The new CEO of Volkswagen had a nice chat with securities analysts last week, in which he largely elided over the company’s strategy for recovering from its legal woes, but said his employees worldwide would be free to have “more fun.”
So far, it’s been super fun. The $1.83 billion quarterly loss in the third quarter was, for example, funner than being drowned in a vat of rancid whale semen.
But not much.
Matthias Mueller was most likely alluding to the days of kein vergnugen under his ousted predecessor Martin Winterkorn, whose management style was somewhere between that of Steve Jobs and a Turkish jailer. It was under Winterkorn’s watch, of course, that VW took German engineering to a whole new level, by fitting 11 million diesel cars with the ability to trick emissions-testing equipment. This is what triggered the legal problems, which when the fines are all tallied worldwide may chew up far more than the $7 billion the company has set aside for putting the episode in its rear-view mirror.
Meantime, it has lost $25 billion of its market value.
On the plus side, any day now Greece might stop pointing and laughing.
In another fun development, the first post-scandal advertising has broken for the Touran MPV with the slogan “Das Auto” intact. Some had speculated the worldwide backlash to systematic fraud would force the automaker to alter its approach, perhaps along the lines of “This is not your fatherland’s VW” or simply, “I have sinnnnnnnnned.”
Nope. Same old same old. The creative, like the nitrogen oxides from a VW diesel, was clearly in the pipeline before the scandal broke. The spot features a parent willing to humiliate himself in public for the sake of something more important than his own dignity. He’s dressed like a superhero, but clearly lacking in any actual super powers. Herr Mueller, what’s German for “irony?”
This is not the way begin the long road back. Your messaging doesn’t have to be pitiful and abject. You don’t have to go full Swaggart. But at least signal you don’t think this will all just blow over. Something. Anything. Free curly fries with every purchase? Dude, throw us a bone.
Let me just share some brand names with you: Firestone. Drexel Burnham Lambert. WorldCom. Milli Vanilli. The public tends to hold a grudge. This might not be the best time to stand pat. You may recall that back when, J&J pulled all Tylenol from all shelves everywhere…and had itself done nothing wrong. Domino’s put its entire business at risk by coming clean on its awful, awful corporate secret -- that’s its pizza was kinda bland. Not that it was using dioxin in its twisty bread. Just a flavor deficit.

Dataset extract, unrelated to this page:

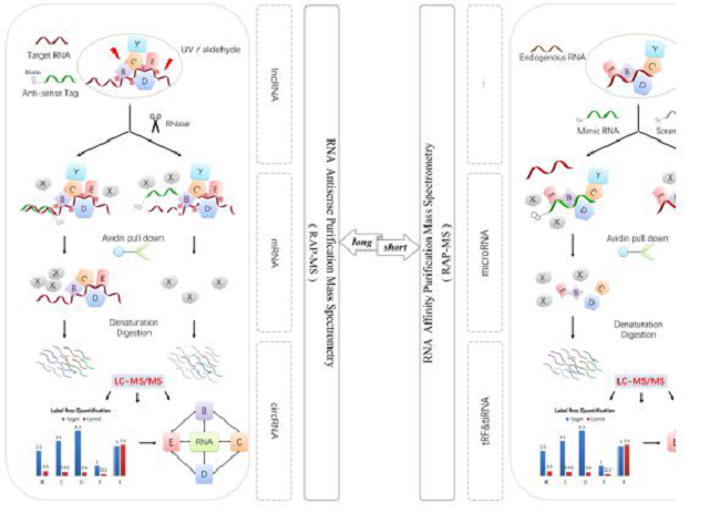 长链RNA:例如,lncRNA、hjc黄金城、mRNA等常采用RNA Antisense Purification – Mass Spectrometry策略。生物样品在非变性条件下裂解和UV交联,或者不裂解直接在原位进行UV交联,随后用biotin标记的RNA anti-sense进行杂交(Control组采用非特异anti-sense或预先用RNase处理)。
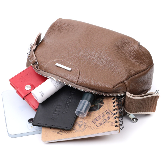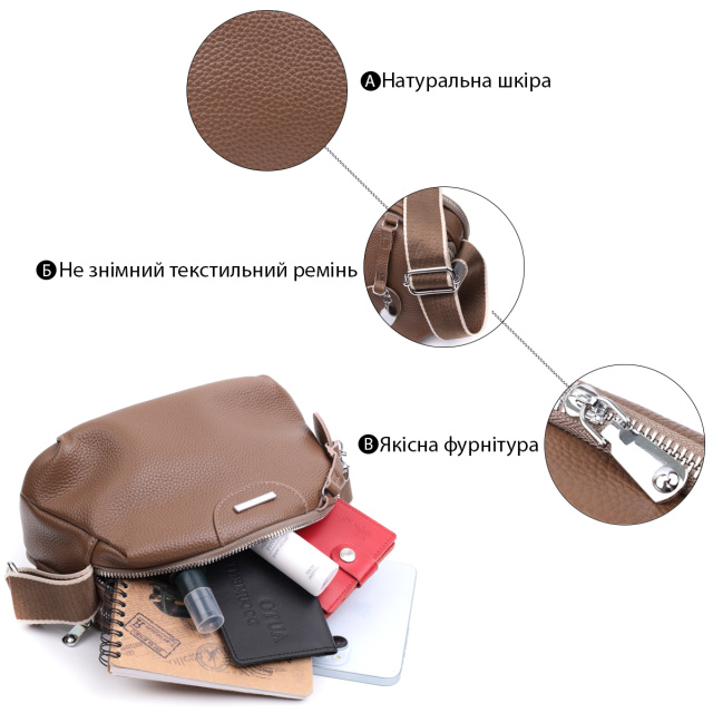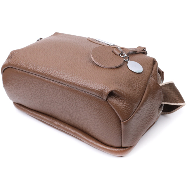 Практичная женская сумка из натуральной кожи флотар, которая имеет зернистую фактуру. В изделии использована кожа коричневого цвета. Аксессуар состоит из двух отделений, которые закрываются на молнии, потайного кармана на молнии и кармана открытого типа, а также кармана снаружи на тыльной стороне. Изделие имеет твердое дно, что позволяет держать форму. Носить сумку можно в руке, под рукой, на плече и через плечо, для этого имеется текстильный не съемный ремень. В аксессуаре использована качественная фурнитура цвета серебра. Отличный вариант для подарка близким и дорогим девушкам и женщинам.

VW played three-card Monte with 11 million customers, a number of major governments and one very prominent atmosphere. And it’s sticking with Das Auto?
Hey! Let’s have some wordplay fun! Instead, I propose: “Das tardly.”
I think the German word is teuflisch
Muttley would know.
On the bright side, there are deals to be had on many German Automobiles now.
Great column as usual! I am going to incorporate the phrase "rancid whale semen" into all of my blog posts going forward.
I waited a week to ask: "Funner"? Did I miss the joke?